HERMISTON - Running a bull-judging competition has been a learning experience for the Hermiston High School FFA Chapter.
That's true in several ways, say four junior girls who participated last year, and are looking forward to competing again this year.
The 4-H and FFA bull-judging competition will be conducted in conjunction with the Second Annual Columbia Basin Bull Breeders Show. It is scheduled from 10 a.m. to 4 p.m. Feb. 2 along East Main Street. The judging contest will begin at noon.
The youth competition attracted 18 teams last year, coming from as far as Kuna, Idaho, said Nick Nelson, an FFA adviser at Hermiston High. He said adult experts prejudge certain animals in the show, then teams of four students judge the same animals.
"They judge against an expert's opinion," Nelson said. "Getting close is what matters. It's not black and white, like sports."
Kiona Elkins, one of Nelson's students, said the bull judging provided a different experience than FFA usually provides.
Classmate Kenzie Colgan agreed.
"Steers, sheep and pigs is what we're used to," she said.
Nelson said the students are learning the importance of EPDs, or expected progeny differences, which provide estimates of the genetic value of an animal as a parent.
"Most cattlemen need to know what it is," he said.
Elkins added, "It's more of a breeding selection. You're looking for different traits."
Nelson said there's a big difference between judging the carcass value of steers at the county fair, a month before they'll be slaughtered, and judging a bull and trying to look into the future.

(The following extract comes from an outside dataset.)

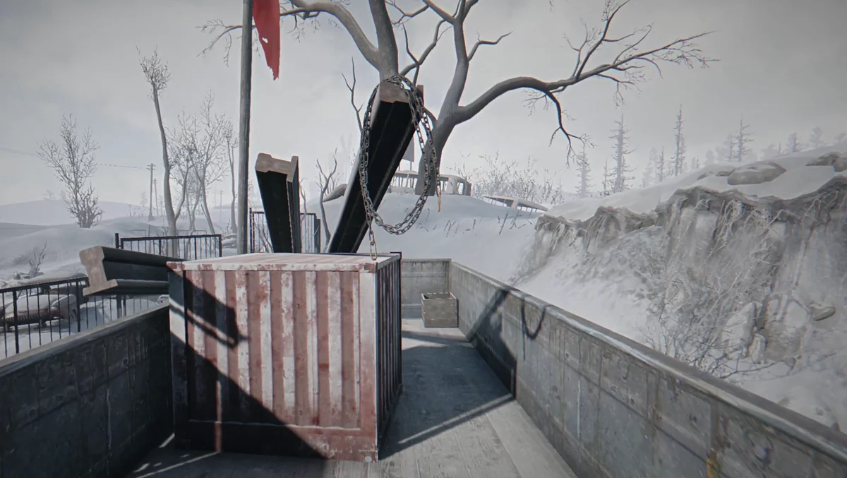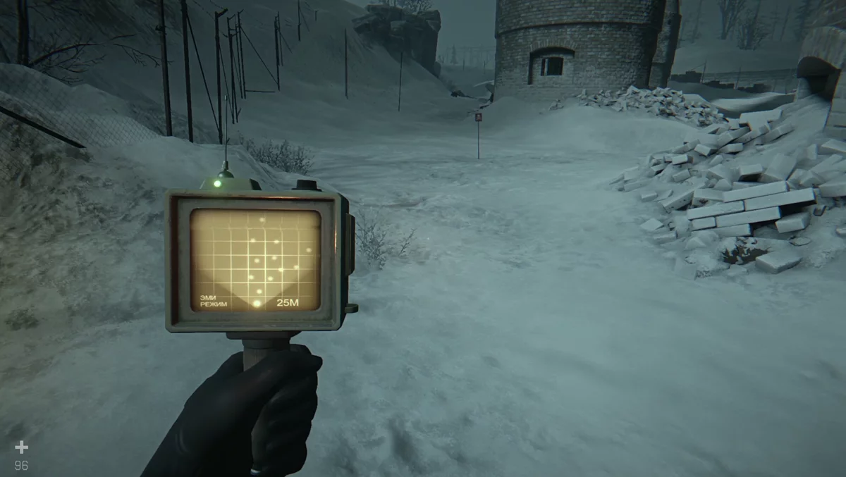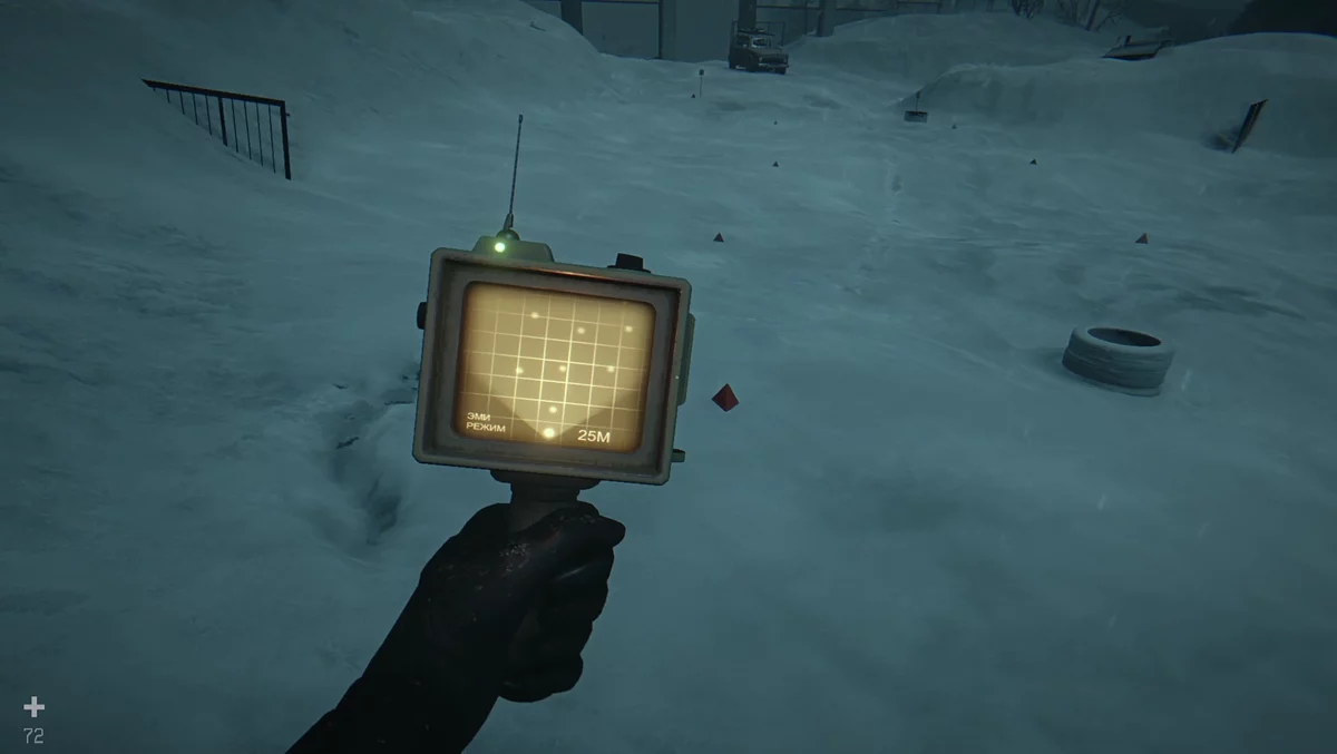 Езжайте к стадиону «Восход». Вся арена заминирована, но проезжать нужно на машине. Слева у лестницы стоит красная металлическая пирамидка; ещё несколько можно столкнуть с ящика дроном. Эти пирамидки притягиваются к мине и помечают её, если бросить рядом. Держать в руке одновременно детектор и предмет можно — это упрощает отметку. Пирамидок ограничено, поэтому либо планируйте маршрут, либо половину пути придётся выходить и проверять дорогу вручную. Снег быстро заметает следы.

"In bulls, you're looking down the road five years, what they can do for your herd," he said.
Kacilyn Davis added, "It's the way you look at them and how long they're going to last - their potential."
Elkins concluded, "And what traits they're going to pass on to their offspring."
Colgan said her experience in the bull-judging competition last year helped in the fall when she faced choosing which steers to buy from a large group.
"You learn to find what you like in a steer or a bull," she said. "It sharpened our skills."
In judging bulls, the students use the same six components they use in judging steers: muscling, capacity or volume, eye appeal or balance, fat thickness, bone structure and size.
Bull judges also try to calculate a trait Nelson calls "stayability - how long they can stay in the herd." Most cows stay in a herd 8-10 years, he said, while most bulls' average life span is about five years.